Review prepared by: Low, Sock Ching (@yokosocko) 
Against a backdrop of studies showing the effectiveness of transcranial alternating current stimulation (tACs) in modulating neural oscillations and, consequently, working memory (WM), Reinhart & Nguyen examine the persistency of such a WM boost in older adults who exhibit typical age-related cognitive decline. They used a simple task which required either a purely perception-based response (control) or one based on a stimulus that was presented 3s prior (experimental). Through HD-tACs using individually-tuned theta they restored not only behavioural performance of older adults in the memory task, but also significantly increased previously compromised EEG measures to a level similar to younger adults. Their behavioural gains were maintained till the end of the experiment 50mins post-stimulation, suggesting that tACs had caused the improvement through synaptic changes rather than other, more transient, ways.

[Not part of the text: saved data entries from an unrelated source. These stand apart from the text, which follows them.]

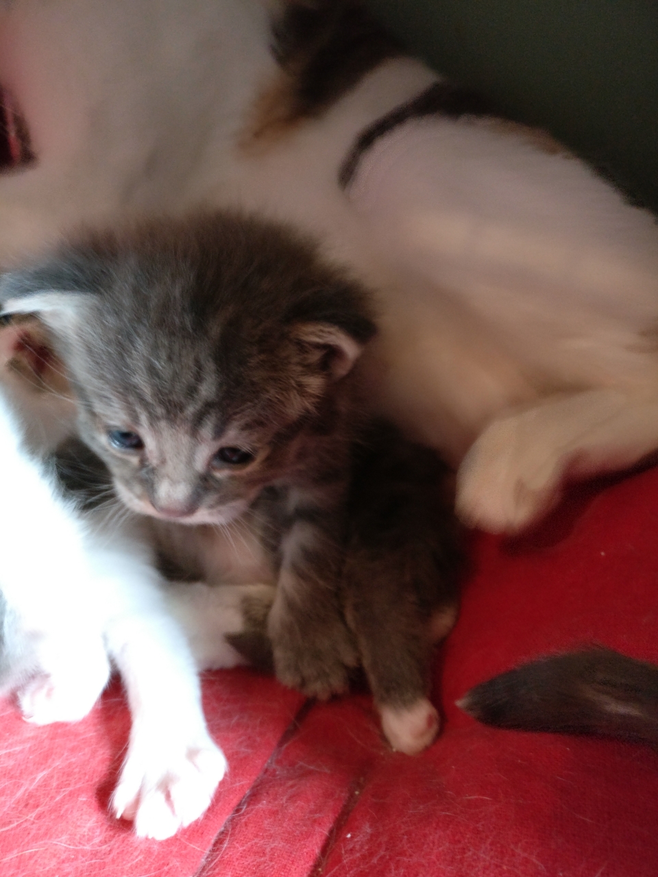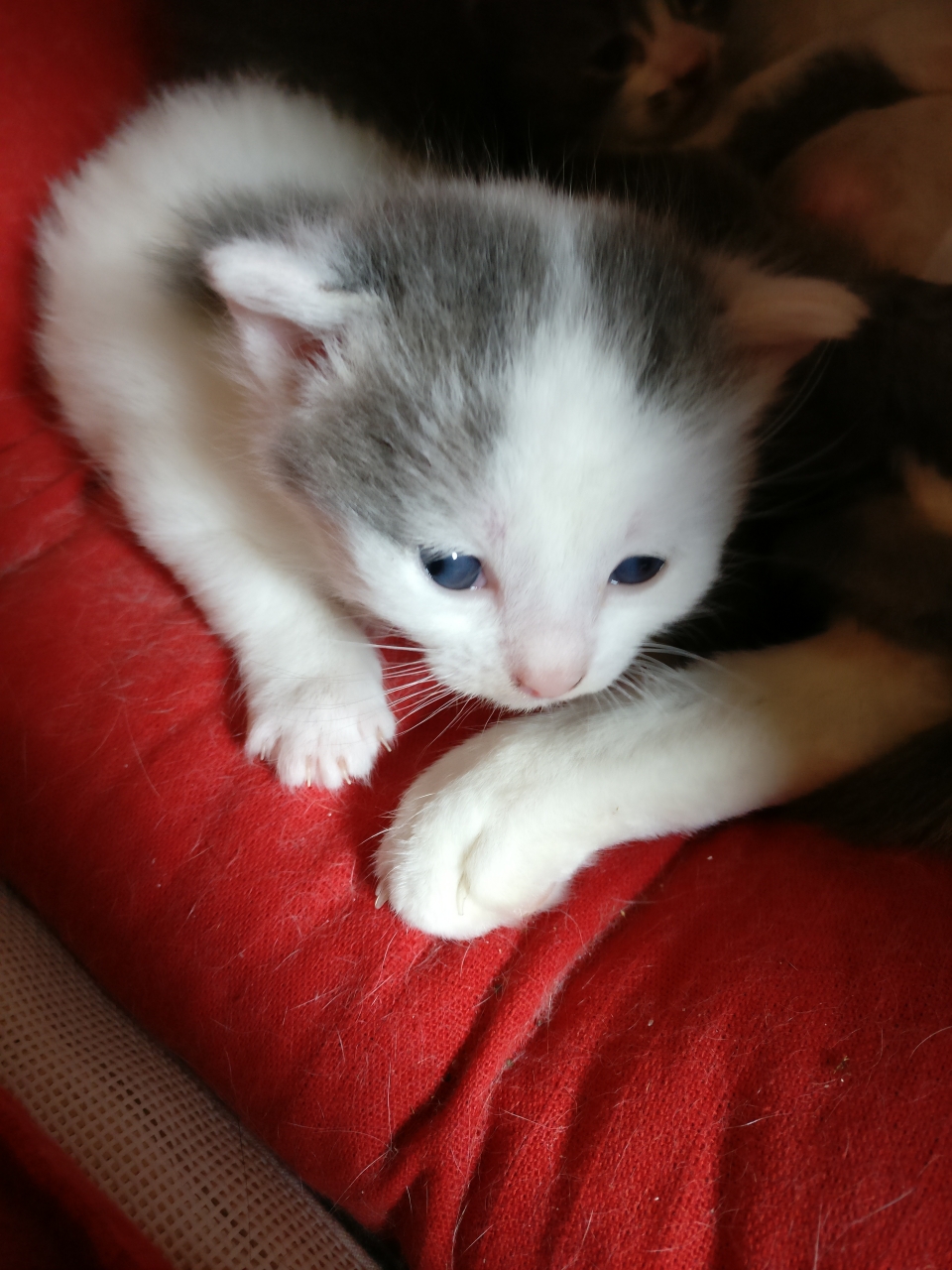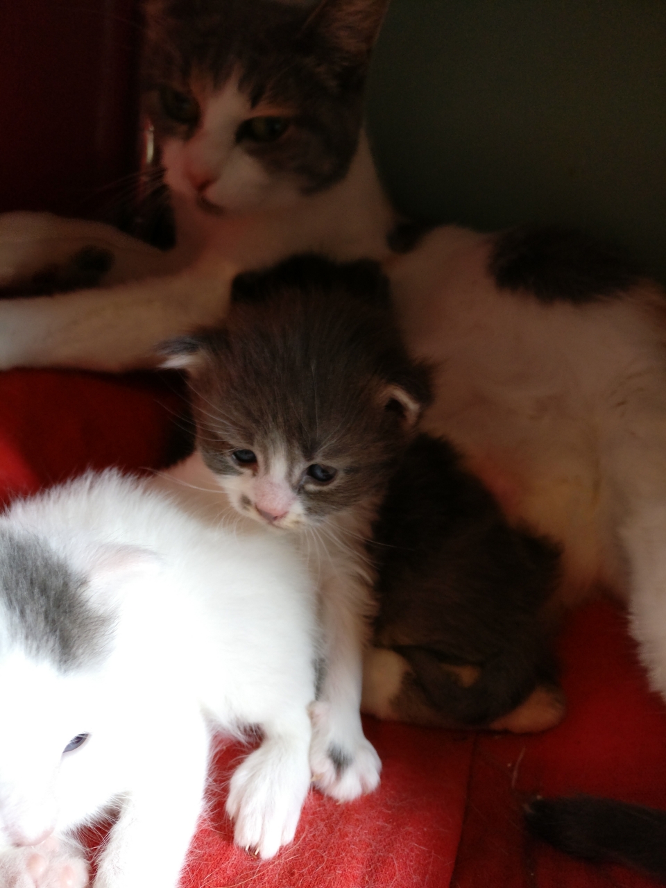 | Dire merci | même pas,ils sont dans le garage avec un petit radiateur aha! on a prévu de les rentrer dans une chambre mais je sais pas quand encore. la petite grise s'est couchée contre moi tout a l'heure pdt que je câlinais la maman, et que les 2 autres se bouffaient le pif avec leurs mini dents mais clairement,m'en séparer va etre dur,surtout de la grise et blanche |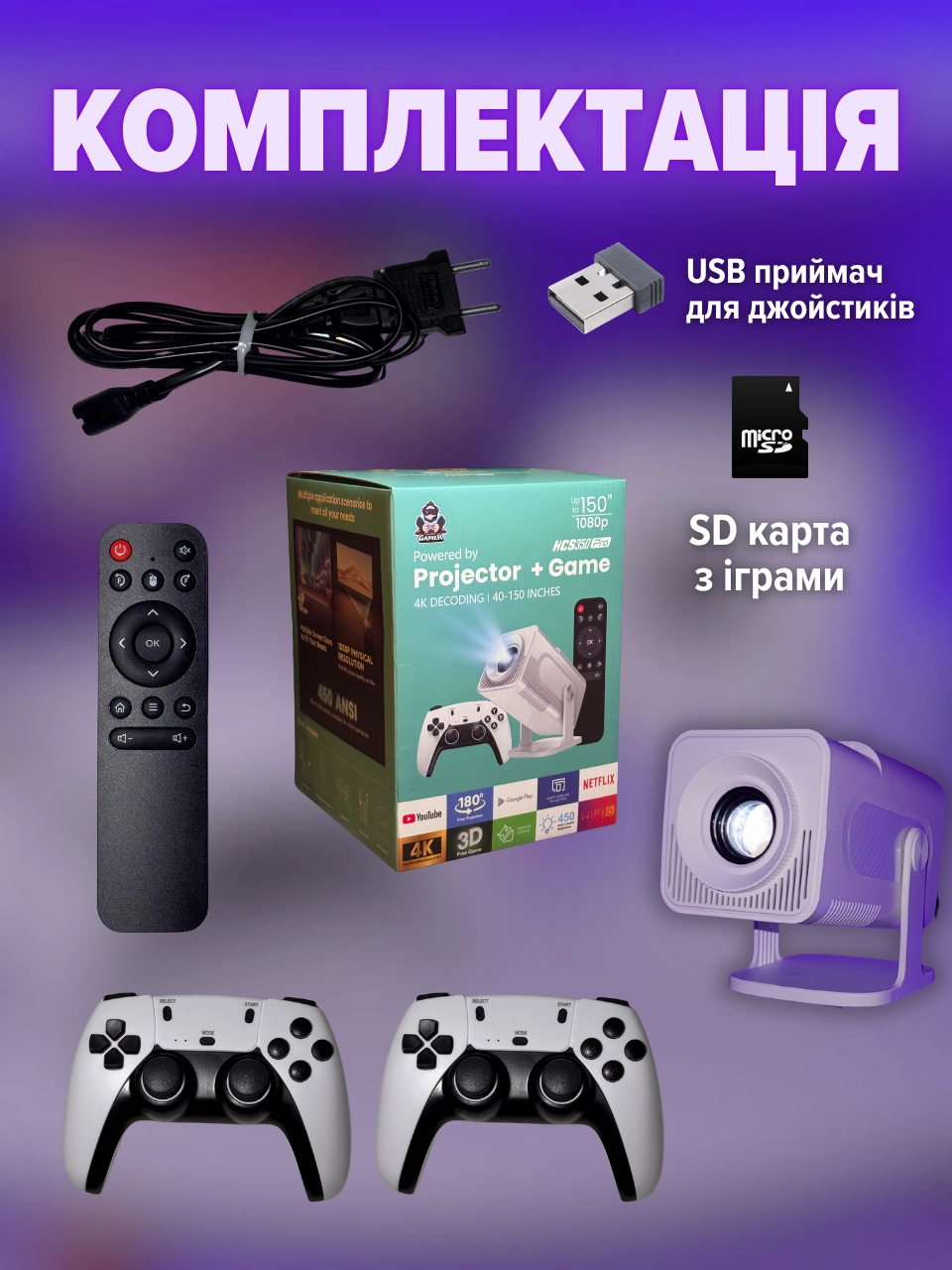 Проектор HCS350 Max — це універсальний мультимедійний пристрій, який поєднує перегляд фільмів, ігри та Smart-функції в одному компактному корпусі. У комплекті є два бездротові джойстики та пульт, тож ви можете одразу почати грати без додаткових налаштувань. Понад 20 000 встановлених ігор роблять цей проектор чудовим варіантом для всієї родини та фанатів ретро-геймінгу.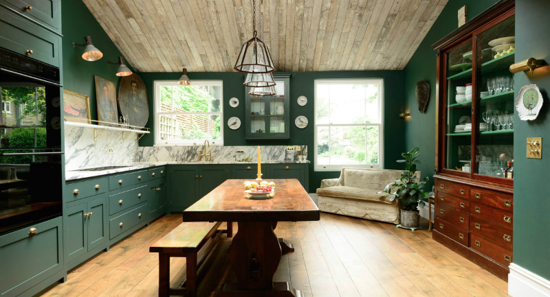 返璞归真的田园色彩。置身实木的纯朴,点缀田园的花草,加之简洁的造型设计,使乡村氛围盈满家庭空间。老年夫妻及性格稳重的人可以此为橱柜颜色首选。木的单纯辅之以淡蓝与墨绿,更能突出温馨感受。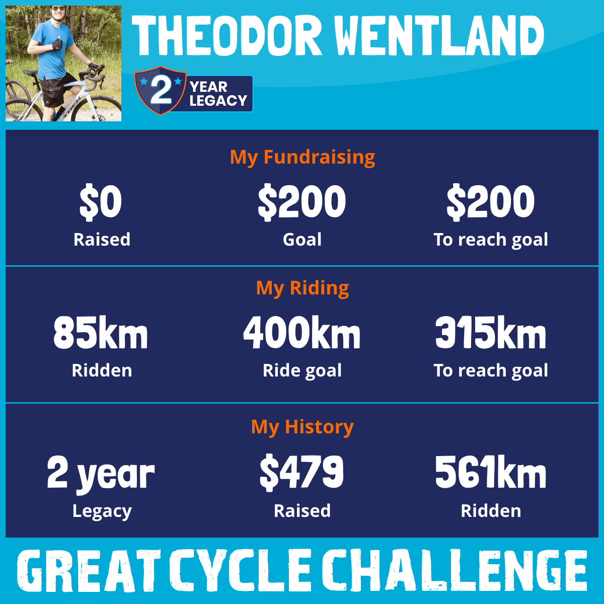 I am riding 400 km for my brother, Ken. Please sponsor me and support my challenge to fight kids' cancer and save little lives.

Nonetheless, while it is valid to claim that the older adults’ measures were improved to levels similar to younger adults, it remains unknown if this is partially due to the ease of the task for younger adults creating a ceiling effect. If the behavioural performance was more different between younger and older adults at baseline, the older adults’ revived performance may be more dissimilar to the younger adults’. In addition, reaction time was consistently not affected by tACs in experiments 1 and 2, but in experiment 3 tACs-induced WM deficits included an increase in participants’ reaction time. This was not explicitly mentioned nor discussed. Lastly, the frequencies declared to fall in the theta and gamma ranges are not entirely within the accepted range in literature; they take 8Hz to be theta when it is normally considered as alpha and 30Hz to be gamma when it could also be considered in the beta range. That the key frequencies in this paper sit on the fringes of the canonical band thresholds could provide insight as to how the brain communicates between regions, but it was not discussed.
 
The findings of this paper give hope for the development of a way to mitigate cognitive decline due to aging, or at least to lessen its impact. Even with its shortcomings, it makes a strong argument for WM being indexed in the brain through PAC and theta synchronisation and is presented in a clear manner. Hence, it is certainly a paper worth delving into in detail.